··· Provided data

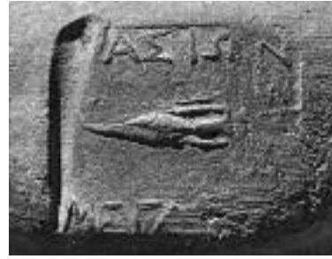
Εικ. 4. Σφράγισμα οξυπύθμενου αμφορέα. Πέλλα, Αγορά

την Πέλλα, αρ. ευρ. 83.230 (Εικ. 3) και 83.369 (Εικ. 4) 57 . Το σύνολο των εικονογραφικών λεπτομερειών των τριών αυτών σφραγισμάτων και οι διαστάσεις τους ταυτίζονται, έτσι ώστε μπορούμε με βεβαιότητα να υποστηρίξουμε την αποτύπωσή τους με την ίδια σφραγίδα 58 . Ακόμα, επισημαίνεται η μεγάλη ομοιότητα, ίσως και σχεδόν ταυτότητα του ύψους των τριών λαβών, της κλίσης τους, αλλά και της ταυτόσημης διατομής τους, που μας οδηγούν στο συμπέρασμα πως πρόκειται για τρία αγγεία του ίδιου πιθανότατα τύπου. Τέλος, πρέπει να σημειωθεί πως και τα τρία σφραγίσματα έχουν αποτυπωθεί κατά την αυτή φορά και με παρόμοια δύναμη πάνω στην μαλακή επιφάνεια του πηλού, όπως δείχνει το μεγαλύτερο βάθος προς την εξωτερική μεριά της λαβής, αλλά και ο τρόπος απομάκρυνσης της σφραγίδας από τη λαβή, έτσι ώστε στην αριστερή του άκρη το σφράγισμα να σχηματίζει χαρακτηριστική κοιλότητα. Τα στοιχεία αυτά δίνουν την εντύπωση πως και τα τρία αποτυπώθηκαν από το ίδιο χέρι, που μπορεί να ταυτίζεται και με τον δημιουργό των αγγείων. Δύο ακόμα τεχνικές λεπτομέρειες των λαβών βοηθούν ουσιαστικά προς αυτήν την κατεύθυνση. Η πρώτη σχετίζεται στη διαμόρφωση της εσωτερικής πλευράς των λαβών, κατά μήκος των οποίων σύρονται κάθετα, αλλά αποχωρισμένα τα δύο δάχτυλα, από τα οποία ο δείκτης πιέζεται περισσότερο. Η δεύτερη σχετίζεται με τον τρόπο εξομάλυνσης της εσωτερικής πλευράς των λαβών
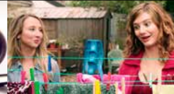
QUI C'EST LES PLUS FORTS
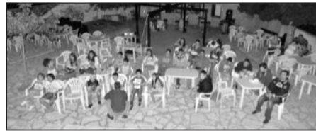
Στη κινηματογραφική οθόνη «βρέχει κεφτέδες».

Αρχή καλοκαιριού. Το Διοικητικό Συμβούλιο συνεδριάζει. Η ερώτηση: «Φέτος έχουμε Μακρυγιάννεια»; Η απάντηση είναι ότι σύμφωνα με απόφαση της Γενικής Συνέλευσης τα Μακρυγιάννεια γίνονται κάθε δύο χρόνια. Επομένως φέτος έχουμε ησυχία. «Ναι αλλά πρέπει να γίνουν εκδηλώσεις αφού κάνουμε κάθε χρόνο». Όλοι συμφώνησαν ότι ο Σύλλογος δεν μπορεί να παραμείνει αργός. «Και τι εκδηλώσεις να κάνουμε φέτος;», ρωτάει άλλο μέλος. Ο πρόεδρος υπενθυμίζει τον τρόπο δράσης του Συλλόγου. Εκδη-
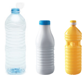
Bouteilles en plastique
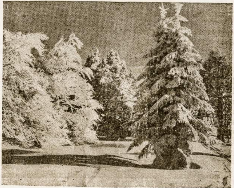
Kalėdinė gamta Lietuvoje.

Sveikindami su šv. Kalėdomis kviečiame atvykti į Bernelių Mišias gruodžio 24 d. 21 val. Prieš tai įvyks Gyvos Prakartėlės vaidinimas (atliks parapijos jaunimas).
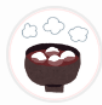
都松庵枚方T- SITE (大阪府)

自店の利用者分析レポート (Vポイントレポート) を確認すること で、商圈や客層、販促効果の調査や確認が行えるため。
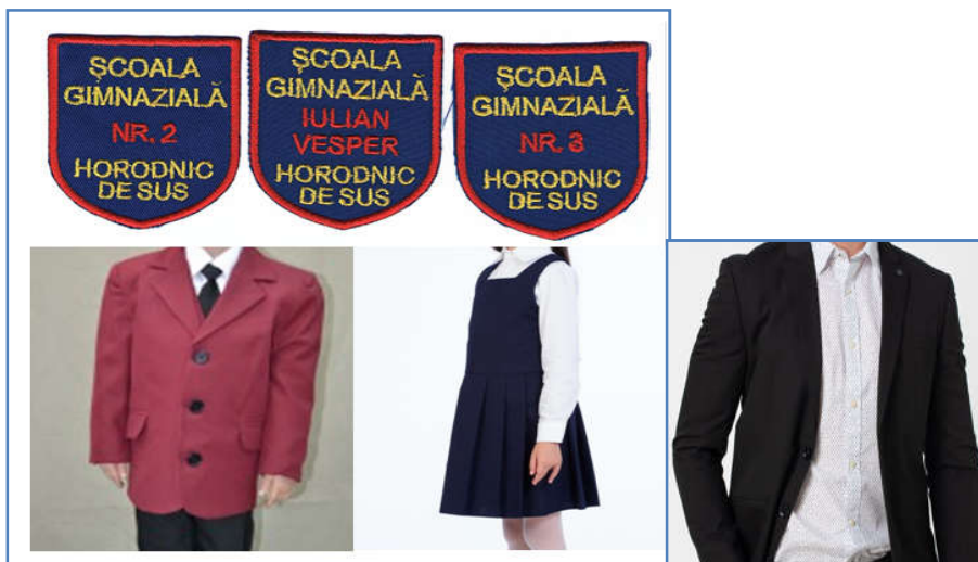
FIG.2. Elemente de identificare. Ecusoanele și uniforma elevilor școlilor din Horodnic de Sus.
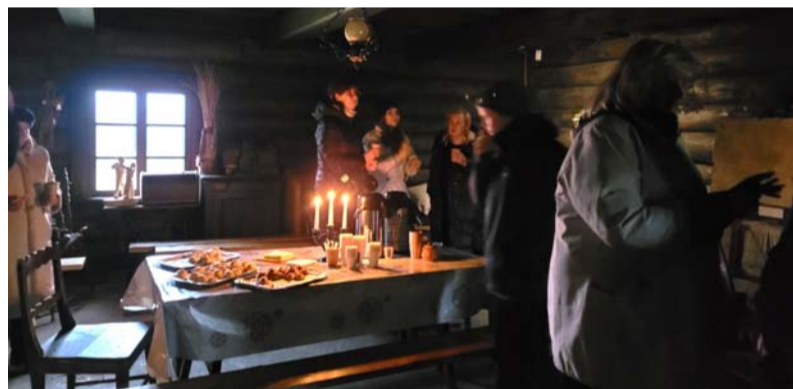
Ciemošanās „Brakos”.
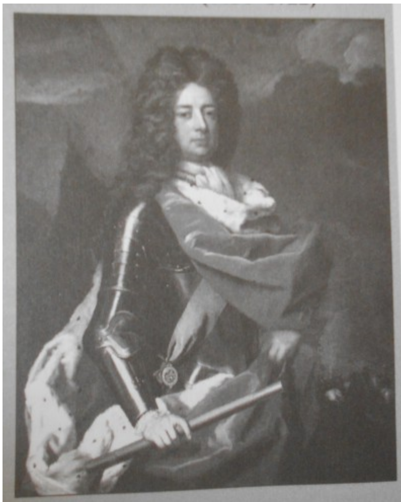
Kovařík. J., Ludvík XIV. : Život, doba a války krále Slunce , s. 457.
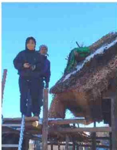
茅葺屋根のふき替えを体験
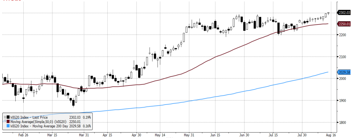
WIG20 Index (WIG20) graph 1550 Daily 16FEB2021-16AUG2021
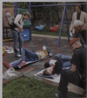
(à gauche) Pratique : Des participants à un cours sur la gestion des urgences dans une mission appliquent leurs connaissances du Système de commandement des interventions lors d'un exercice de simulation d'urgence. (au centre et à droite) Simulations de blessures à l'ambassade du Canada à Beijing

On constate déjà sur place les avantages réels de la formation et de la planification d'urgence. Par exemple, quelques mois après avoir participé à un exercice de simulation sur maquette dirigé par le Bureau régional de gestion des urgences, des employés de l'ambassade du Canada au Caire se sont rendus en Libye pour aider aux évacuations. Leur travail reflétait de toute évidence la structure du SCI, qui sert à gérer des urgences en établissant clairement un cadre de décision, de procédures et d'attribution des ressources.
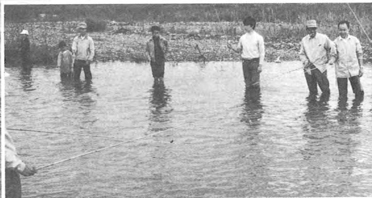
◀ 弥栄、ボーイスカウトにテント一張贈る

······

Reproduce word for word the lines from the line with "Bouteilles en plastique" to the end of the entries above, both included, but leave the pictures out.

Bouteilles en plastique
Kalėdinė gamta Lietuvoje.

Sveikindami su šv. Kalėdomis kviečiame atvykti į Bernelių Mišias gruodžio 24 d. 21 val. Prieš tai įvyks Gyvos Prakartėlės vaidinimas (atliks parapijos jaunimas).
都松庵枚方T- SITE (大阪府)

自店の利用者分析レポート (Vポイントレポート) を確認すること で、商圈や客層、販促効果の調査や確認が行えるため。
FIG.2. Elemente de identificare. Ecusoanele și uniforma elevilor școlilor din Horodnic de Sus.
Ciemošanās „Brakos”.
Kovařík. J., Ludvík XIV. : Život, doba a války krále Slunce , s. 457.
茅葺屋根のふき替えを体験
WIG20 Index (WIG20) graph 1550 Daily 16FEB2021-16AUG2021
(à gauche) Pratique : Des participants à un cours sur la gestion des urgences dans une mission appliquent leurs connaissances du Système de commandement des interventions lors d'un exercice de simulation d'urgence. (au centre et à droite) Simulations de blessures à l'ambassade du Canada à Beijing

On constate déjà sur place les avantages réels de la formation et de la planification d'urgence. Par exemple, quelques mois après avoir participé à un exercice de simulation sur maquette dirigé par le Bureau régional de gestion des urgences, des employés de l'ambassade du Canada au Caire se sont rendus en Libye pour aider aux évacuations. Leur travail reflétait de toute évidence la structure du SCI, qui sert à gérer des urgences en établissant clairement un cadre de décision, de procédures et d'attribution des ressources.
◀ 弥栄、ボーイスカウトにテント一張贈る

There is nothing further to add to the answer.